Repeat every line of the listing below exactly, minus the pictures.

━━ Recorded information

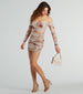 Your allure will be effortless in this darling off-the-shoulder mesh crop top! Sheer ruched fitted long sleeves adorn the sweetheart neckline that brings out your inner sultry and padded bra cups for support. With a hidden front hook eye fasteners and cropped hem. this top will effortlessly elevate any outfit. The stylish marble print and lightweight mesh fabric add an extra touch of elegance. Pair with the matching skirt for a fabulous look!
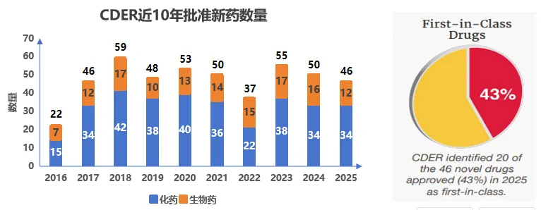 2025年,美国FDA药物评价与研究中心(CDER)共批准了46款新药,包括34个化药和12个生物药,虽较去年50款有所下降,但仍高于历史平均水平且"first-in-class"药物占比近半,共有20个药物占比43%,彰显了审批对创新质量的聚焦。2025 年,FDA经历了前所未有的内部变动。人员层面动荡显著以及政策框架同步迎来变革,但它清晰地展示了在不稳定环境中,生物医药创新并未停滞。新药开发持续从肿瘤向更广泛疾病领域拓展,基因治疗走向多元化,监管体系本身也在积极适应科学进步。
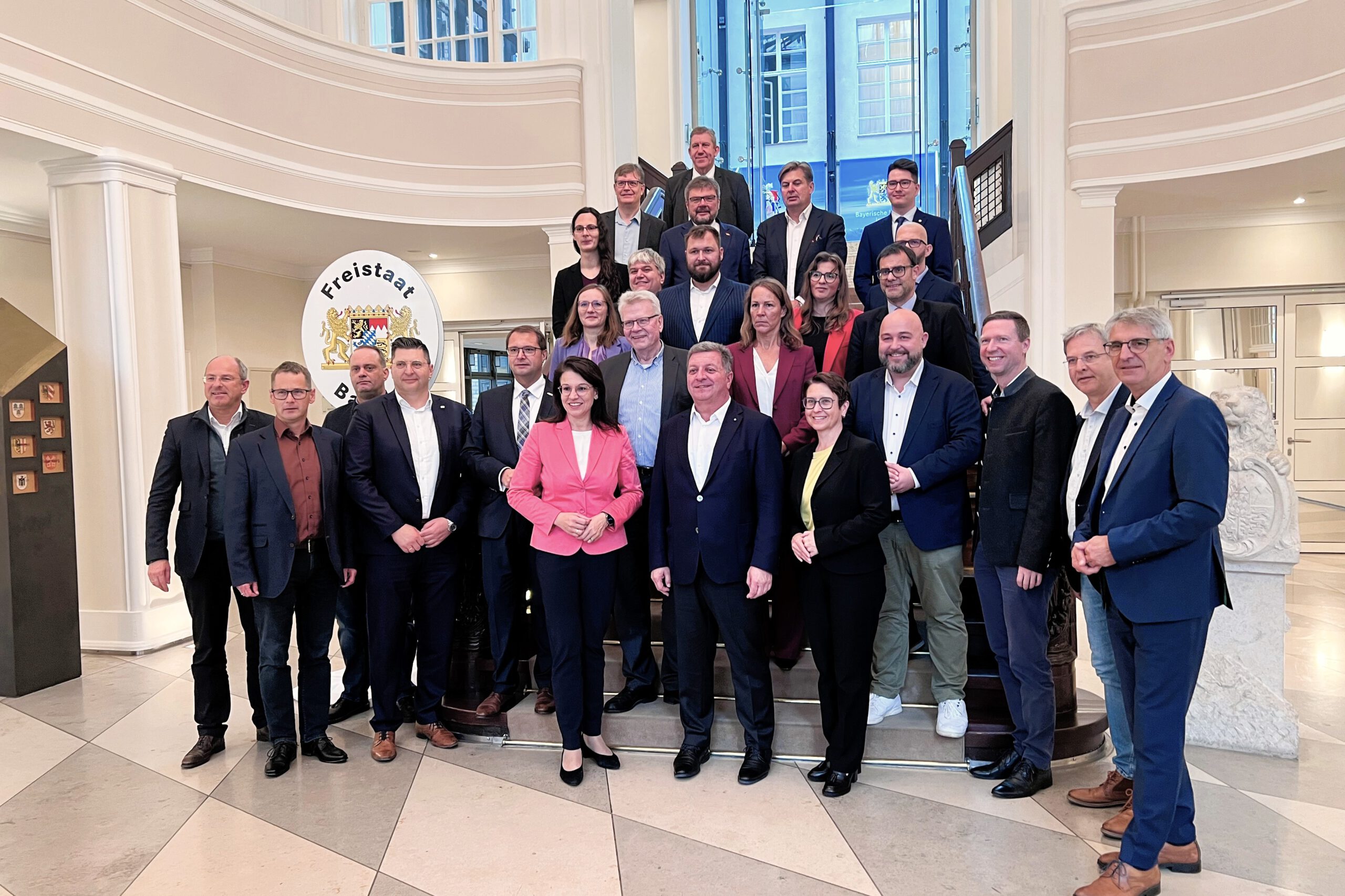 Bayerns Verkehrsminister Christian Bernreiter (vorne Mitte) diskutierte mit Vertreterinnen und Vertretern aus der Region und der Branche über die Zukunft der Franken-Sachsen-Magistrale.

━━━━

| Exercise solution |
 Your allure will be effortless in this darling off-the-shoulder mesh crop top! Sheer ruched fitted long sleeves adorn the sweetheart neckline that brings out your inner sultry and padded bra cups for support. With a hidden front hook eye fasteners and cropped hem. this top will effortlessly elevate any outfit. The stylish marble print and lightweight mesh fabric add an extra touch of elegance. Pair with the matching skirt for a fabulous look!
 2025年,美国FDA药物评价与研究中心(CDER)共批准了46款新药,包括34个化药和12个生物药,虽较去年50款有所下降,但仍高于历史平均水平且"first-in-class"药物占比近半,共有20个药物占比43%,彰显了审批对创新质量的聚焦。2025 年,FDA经历了前所未有的内部变动。人员层面动荡显著以及政策框架同步迎来变革,但它清晰地展示了在不稳定环境中,生物医药创新并未停滞。新药开发持续从肿瘤向更广泛疾病领域拓展,基因治疗走向多元化,监管体系本身也在积极适应科学进步。
 Bayerns Verkehrsminister Christian Bernreiter (vorne Mitte) diskutierte mit Vertreterinnen und Vertretern aus der Region und der Branche über die Zukunft der Franken-Sachsen-Magistrale.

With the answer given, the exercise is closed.